Roles of Fcγ receptors in anti-CTLA-4 function. Selective deletion of Tregs in the tumor microenvironment results in tumor immunity (left). Expressing higher levels of CTLA-4 than effector T cells, intratumoral Tregs are selectively depleted through ADCP by macrophages and/or ADCC by NK cells. In T-effector cells, T-cell activity is enhanced by the recognition of MHC-Ag by the TCR in the presence of an anti-CTLA-4 antibody that had co-engaged with FcγR on APCs (right). ADCC antibody-dependent cellular cytotoxicity, ADCP antibody-dependent cellular phagocytosis, APC antigen-presenting cells, MHC-Ag major histocompatibility complex-antigen peptide complexes major histocompatibility complex-antigen peptide complexes, NK cells natural killer cells, TCR T-cell receptor

Many new types of anti-CTLA-4 antibodies have been developed to increase antitumor effect, reduce side effects, or both.
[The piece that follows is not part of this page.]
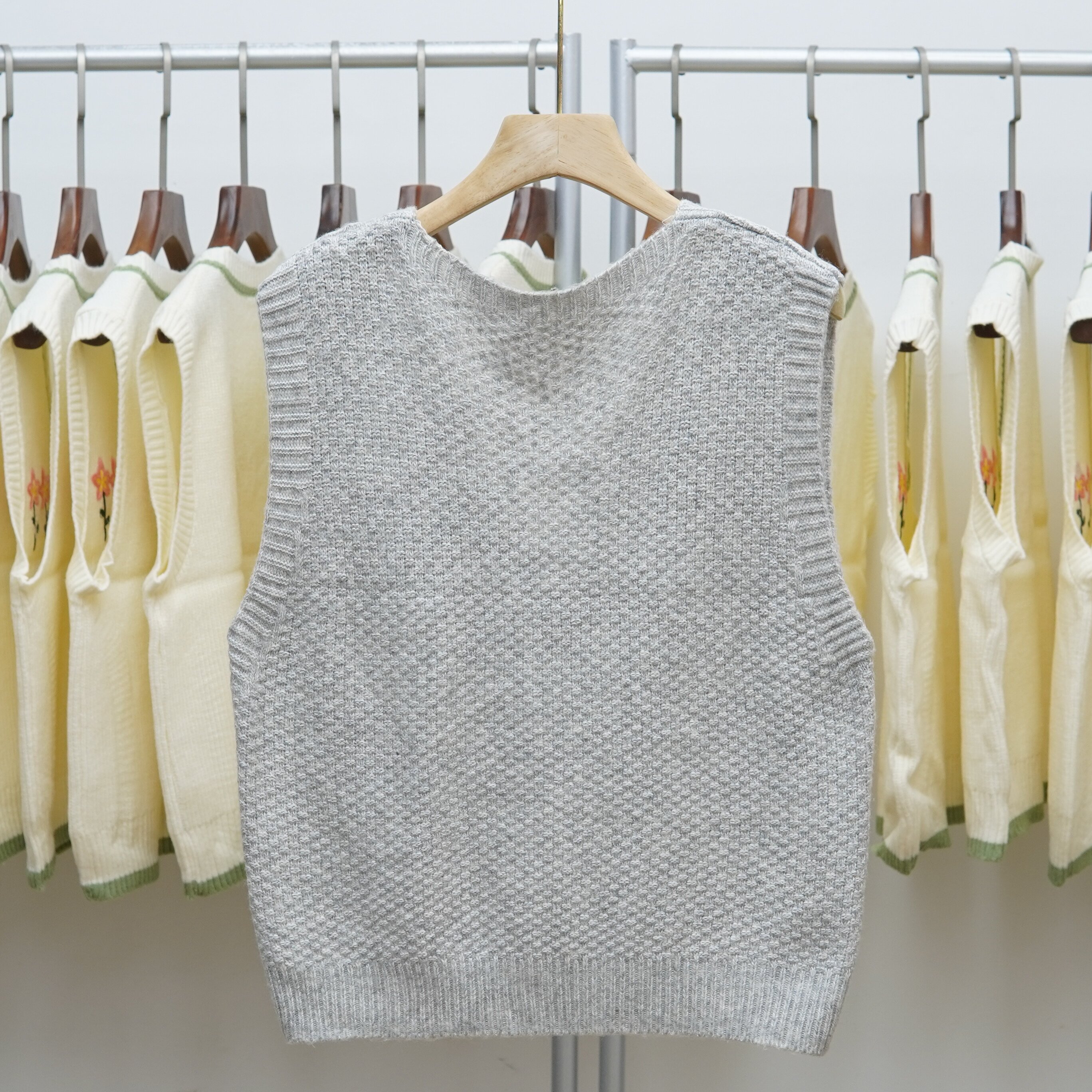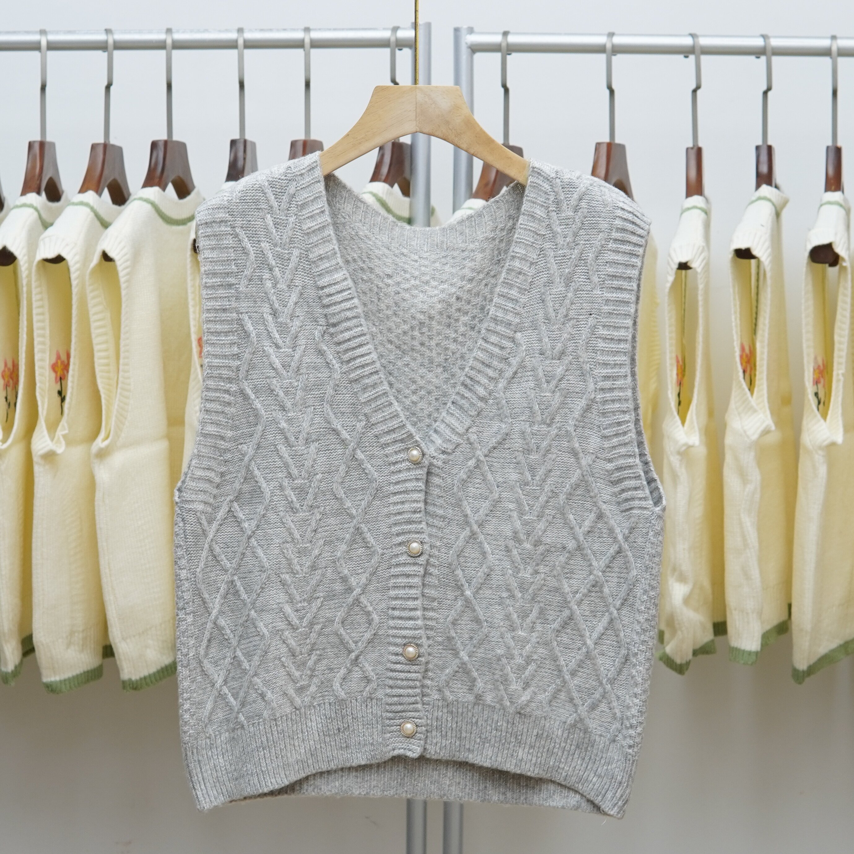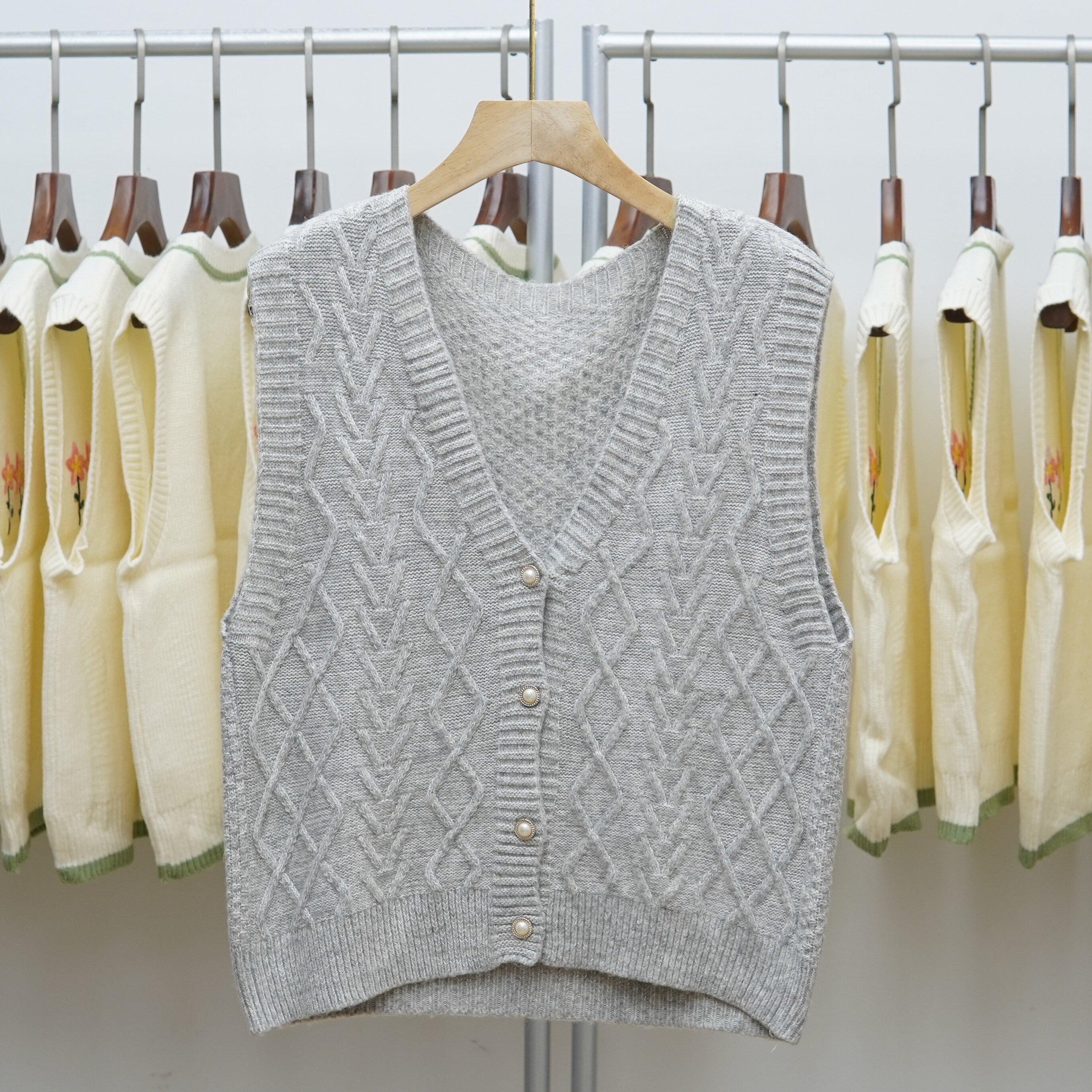 📚 586 灰色V领麻花针织马甲女无袖宽松毛衣开衫百搭菱形背心坎肩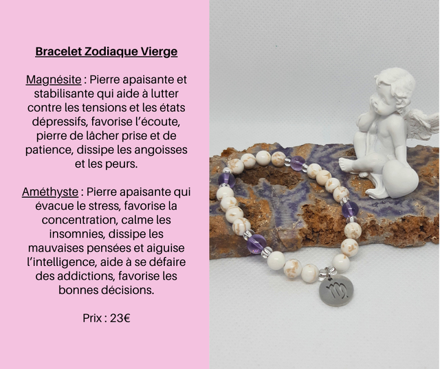 9- Bracelet Zodiaque Vierge- Magnésite et Améthyste

Increasing the ability of Fc to bind to FcR is one of the strategies to enhance the antitumor effect which can be achieved through a non-fucosylated derivative of ipilimumab (BMS986218) or an engineered Fc variant of an anti-CTLA-4 antibody (AGEN-1181or its mouse surrogate).³⁷⁰ The next-gen anti-CTLA-4 mAb, ONC-392, which effectively and selectively eliminates Tregs, has been granted Fast Track designation granted by FDA for monotherapy in PD-(L)1-resistant NSCLC.³⁷¹ Different from other anti-CTLA-4 mAbs being tested, the pH-sensitivity nature of ONC-392 avoids antibody-triggered lysosomal degradation of CTLA-4, thereby reducing toxicity and exerting its anticancer potential.³⁶³ ONC-392 is currently being evaluated in Phase I clinical trial (PRESERVE-001; NCT04140526) for advanced solid tumors and NSCLC. An additional approach to moderate the adverse event profile of anti-CTLA-4 is to limit the CTLA-4 blockade within the tumor. For example, a “proform” of ipilimumab (BMS-986249) was synthesized, which was designed to remain inert in the periphery, but have activity restored when unmasked by tumor-associated proteases.³⁷⁰ Another approach is to generate a pH-selective form of ipilimumab, which could preferentially and reversibly target the acidic TME over the neutral periphery.³⁶²

PD-1 axis

PD-1 axis was the second immune-checkpoint pathway targeted for ICB therapy. In 2014, fully humanized anti-PD-1 mAbs pembrolizumab and nivolumab became the first PD-1 targeted therapeutics approved by FDA for refractory and advanced melanoma.^{357,372–374} Although anti-PD-(L)1 therapy entered the market later than anti-CTLA-4 therapy, PD (L)-1 blockade have shown broader clinical utility than anti-CTLA-4 treatment. For LSCC, a number of anti-PD-(L)1 therapeutics have been approved by FDA and NMPA as monotherapy or in combination therapy with chemotherapy (Table ​(Table11).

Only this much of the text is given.